Could you set down the listing below exactly, leaving out its pictures?

#### DATA FOR ANALYSIS:
• • • •

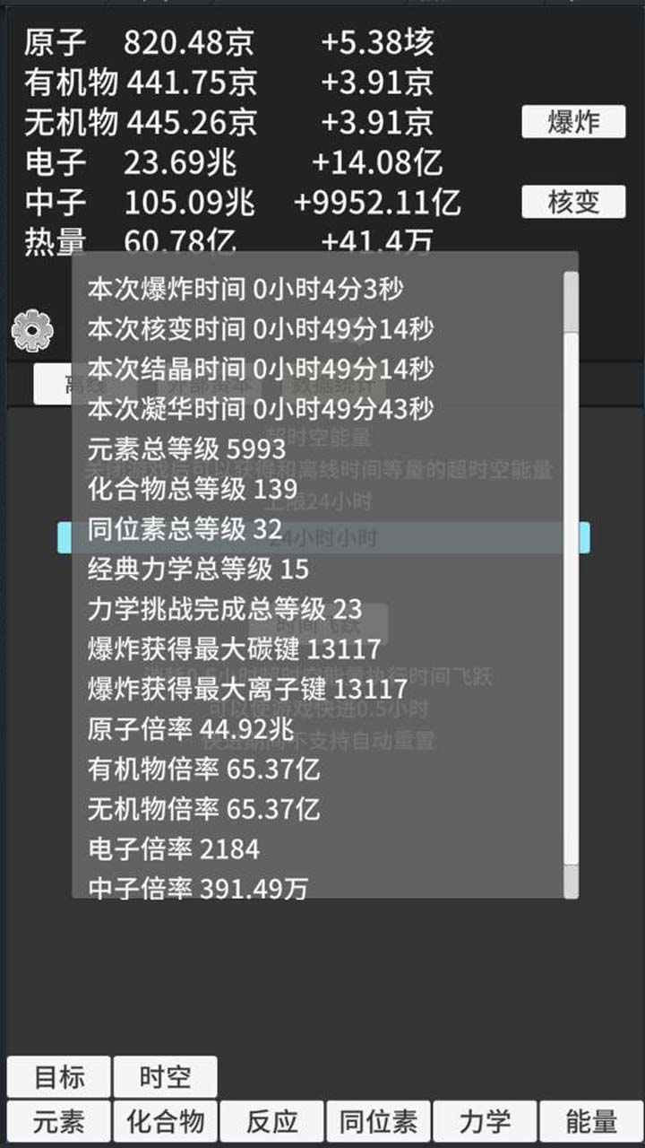游戏通过层层递进的探索机制,逐步揭示微观世界背后的宏大叙事,每个新发现都伴随着精彩的剧情演绎。数值系统设计精妙,从基础实验到高级核反应,数值跨度极大但过渡平滑,既照顾新手玩家又满足硬核玩家的挑战需求。完善的成长体系让每次升级都能带来明显的实力提升,特殊成就系统更是为追求完美的玩家提供了长期目标。游戏画面采用简约科技风格,粒子效果表现力出众,完美呈现了微观世界的绚丽景象。
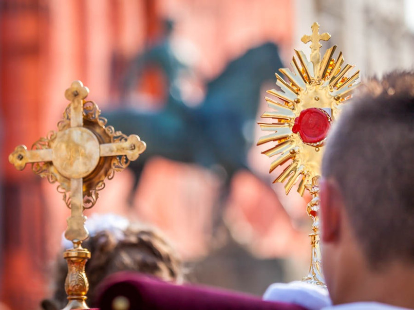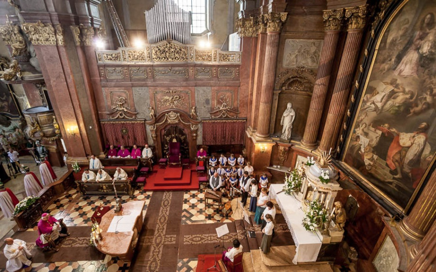 A székesfehérvári Szent Imre Általános Iskola diákjai és az egyházmegye papnövendékei körmenetben vállukra véve vitték át a székesfehérvári püspökségről a székesegyházba Szent István hermáját, Boldog Gizella és Szent Imre ereklyéit.
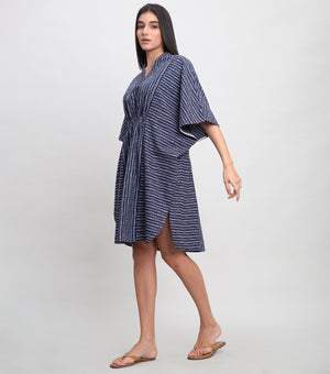 Navy Cotton Printed Coverup with Elastic & Lace Detailing
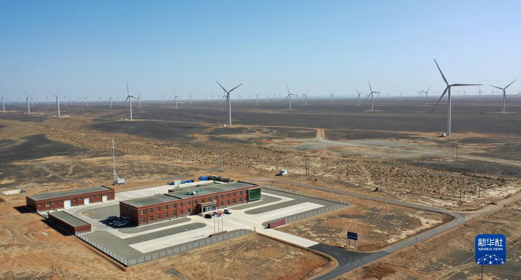 這是2022年4月16日拍攝的甘肅省酒泉市境內的風(fēng)電基地(無(wú)人機照片)。新華社記者 陳斌 攝
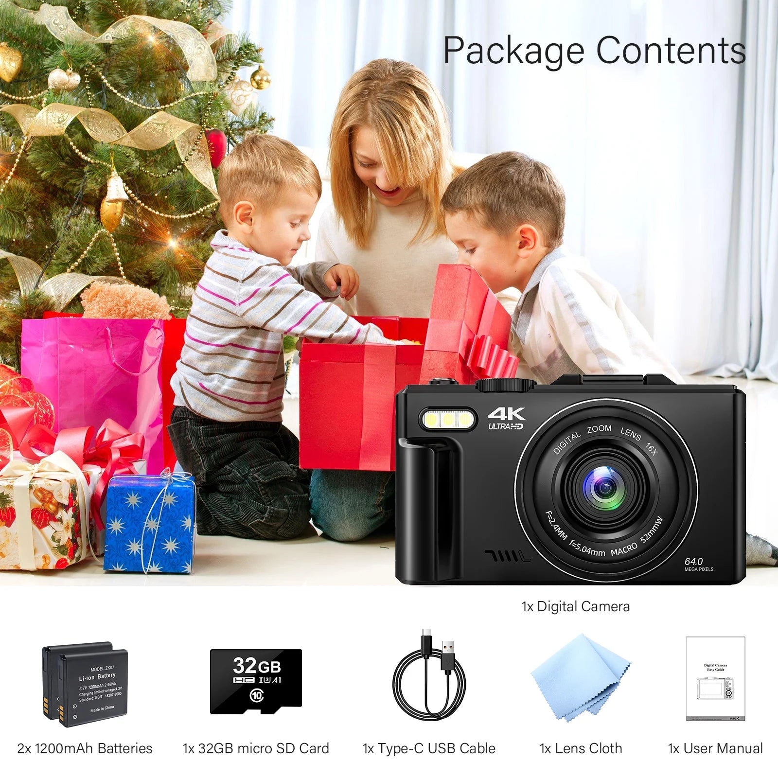- [Capture Stunning 4K Digital Camera] Record ultra-high-definition UHD (4K) videos at 30fps, ensuring crystal-clear footage for your vlogs, travel diaries, and family gatherings.
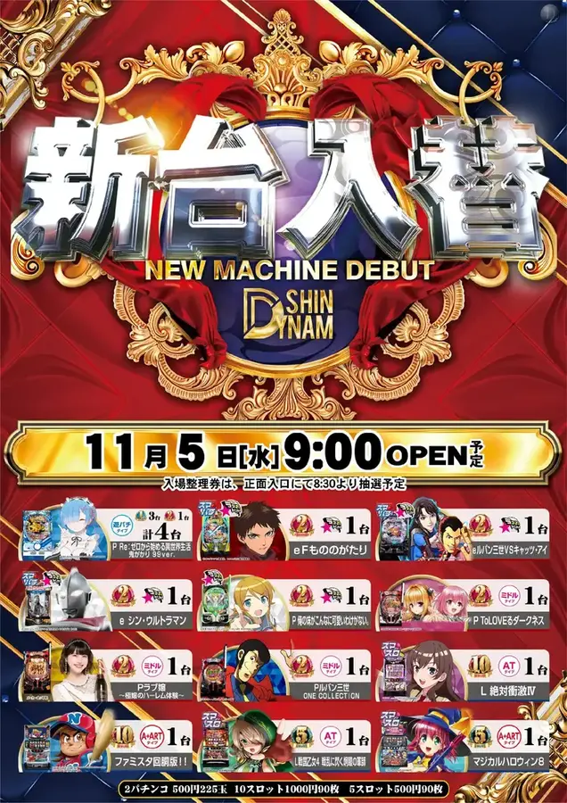 ダイナム香川高松郷東店HPをご覧頂き ありがとうございます 11月5日(水)は

• • • •

#### SOLUTION FOR THIS TASK:
游戏通过层层递进的探索机制,逐步揭示微观世界背后的宏大叙事,每个新发现都伴随着精彩的剧情演绎。数值系统设计精妙,从基础实验到高级核反应,数值跨度极大但过渡平滑,既照顾新手玩家又满足硬核玩家的挑战需求。完善的成长体系让每次升级都能带来明显的实力提升,特殊成就系统更是为追求完美的玩家提供了长期目标。游戏画面采用简约科技风格,粒子效果表现力出众,完美呈现了微观世界的绚丽景象。
 A székesfehérvári Szent Imre Általános Iskola diákjai és az egyházmegye papnövendékei körmenetben vállukra véve vitték át a székesfehérvári püspökségről a székesegyházba Szent István hermáját, Boldog Gizella és Szent Imre ereklyéit.
 Navy Cotton Printed Coverup with Elastic & Lace Detailing
 這是2022年4月16日拍攝的甘肅省酒泉市境內的風(fēng)電基地(無(wú)人機照片)。新華社記者 陳斌 攝
- [Capture Stunning 4K Digital Camera] Record ultra-high-definition UHD (4K) videos at 30fps, ensuring crystal-clear footage for your vlogs, travel diaries, and family gatherings.
 ダイナム香川高松郷東店HPをご覧頂き ありがとうございます 11月5日(水)は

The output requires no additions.